Without Trump in play, the pre-existing party system will snap back into place with issues and coalitions little altered.
Relations with Russia may or may not be, as the President said, at an “all-time and very dangerous low”—the Cuban Missile Crisis called and wants its ominous superlatives back—but the good news is that constitutional conflict is at a recent high. Congress is acting as independently as it has in a long time, including periods of split partisan control.
With the just-passed sanctions law, legislators are asserting themselves in foreign affairs. The President’s role in setting domestic policy has been reduced to recommendatory exhortation. From healthcare to Russia, there are ample reasons to debate the policy outcomes; but institutionally, what we may be witnessing is the separation of powers in our time. Amid the hot-potato blame games and the accusations of dysfunction, this is something to celebrate. The Constitution works.

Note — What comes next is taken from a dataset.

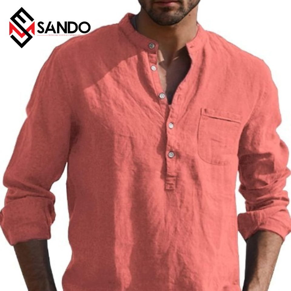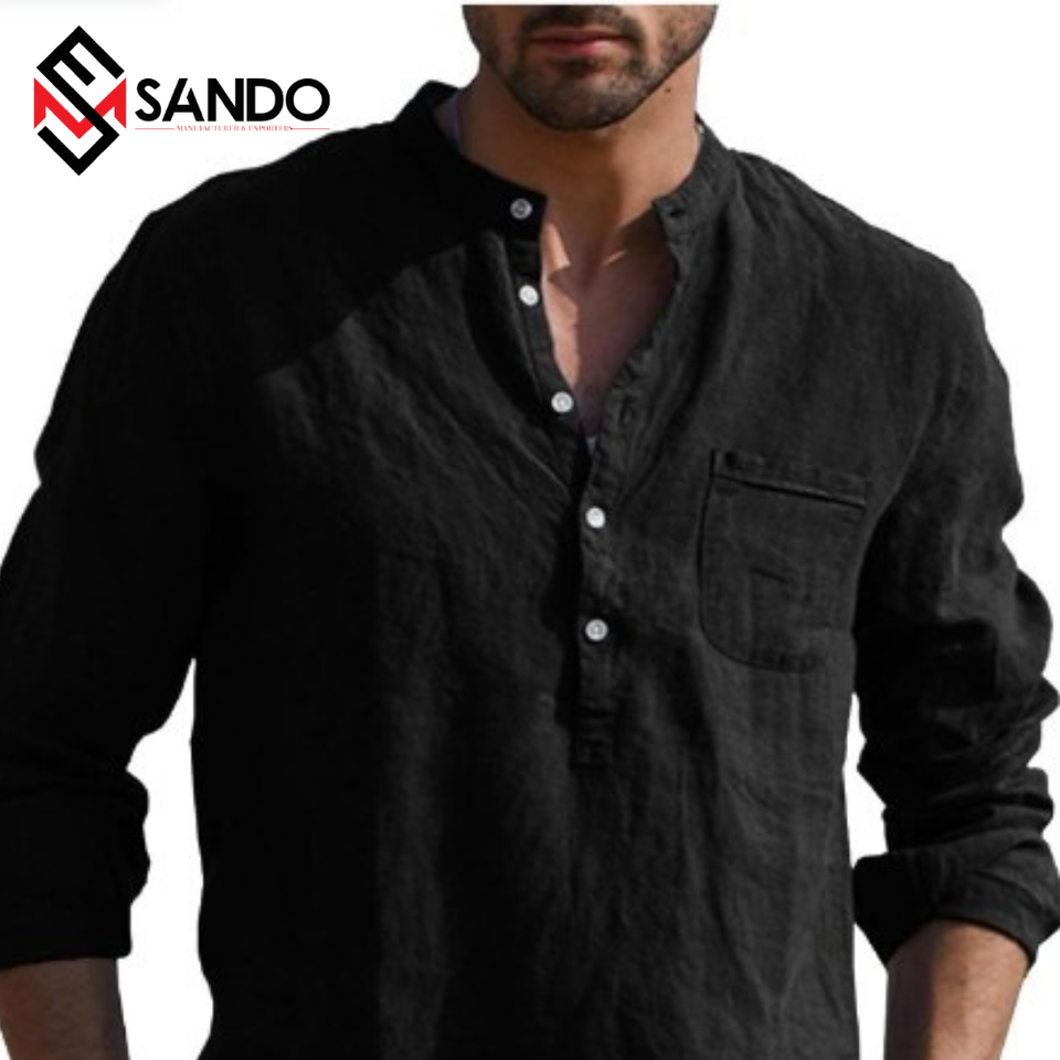 คุณภาพสูงผู้ชายสไตล์ซาฟารีเสื้อแขนยาว Anti-Pilling แห้งเร็วผ้าฝ้ายพลัสขนาด V คอ Tie-ย้อมสําหรับฤดูร้อน
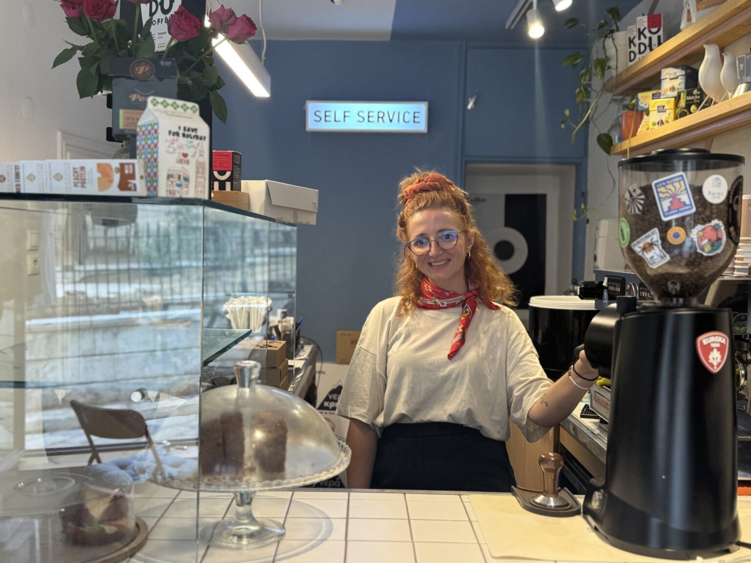 Χαμογελαστή, με κόκκινα μαλλιά και μεγάλα γυαλιά, η Χριστίνα σε υποδέχεται λες και γνωρίζεστε χρόνια. Έχει καταφέρει, σε ελάχιστα τετραγωνικά, να δημιουργήσει έναν χώρο με ψυχή. Όμορφες γωνιές για να απολαύσεις τον καφέ σου στο εσωτερικό, και απέναντι, στην είσοδο του κήπου της εκκλησίας, τρία ή τέσσερα ξύλινα τραπεζάκια, όπου μπορείς να καθίσεις και να αφουγκραστείς τη ζωή της γειτονιάς.

It was not supposed to be this way. This round of single-party rule was supposed to be the culmination of the parliamentarization of American politics. A President drawing on the force of democratic legitimacy would marshal his minions on Capitol Hill to restore American greatness. To be sure, we had heard that story before, circa 2000 and 2008: the President as savior, backed by a compliant Congress. But whereas Presidents Bush and Obama largely had a compliant Congress, President Trump does not.
His own pugnacity is in no small part responsible for this; but the instinct for combat, while one wishes it found longer-form expression than 140 characters, is constitutionally healthy. Indeed, if anything, it is constitutionally underdeveloped.
Consider the sanctions bill, which Trump denounced as “clearly unconstitutional” but signed for the sake of “national unity.” Actually, his oath is to the former, not the latter, and he has a four-year term precisely so he can place institutional interests above immediate ones. He said the sanctions bill assumes for the Congress powers reserved to the executive, and he included the habitual argument of Presidents that their “constitutional authority to conduct foreign relations” is all but plenary.
That is far from clear, and the case law the signing statement cites seems questionably applied. So is its claim—straight from the unitary-executive playbook—that when Congress restricts the President in ways to which the President objects, it only “purports” to do so. This argument generally does not work with police officers: “The speed limit only purported to restrain my driving.” The law actually does restrain. To say it only “purports” to do so is to announce an intention to break it.
For our purposes, the point is this: Federalist 73 anticipates exactly a situation in which the legislature intrudes on executive authority. It even says legislators have a “propensity” to do so. So it identifies a specific tool Presidents can use for self-defense: “From these clear and indubitable principles results the propriety of a [veto], either absolute or qualified, in the executive, upon the acts of the legislative branches.”
To be sure, as Keith Whittington notes in a masterful recent article, legislative practices like omnibus appropriations have made the veto difficult for Presidents realistically to deploy. The sanctions bill, though, appeared to present a classic instance of a clear conflict over constitutional authority on a single issue.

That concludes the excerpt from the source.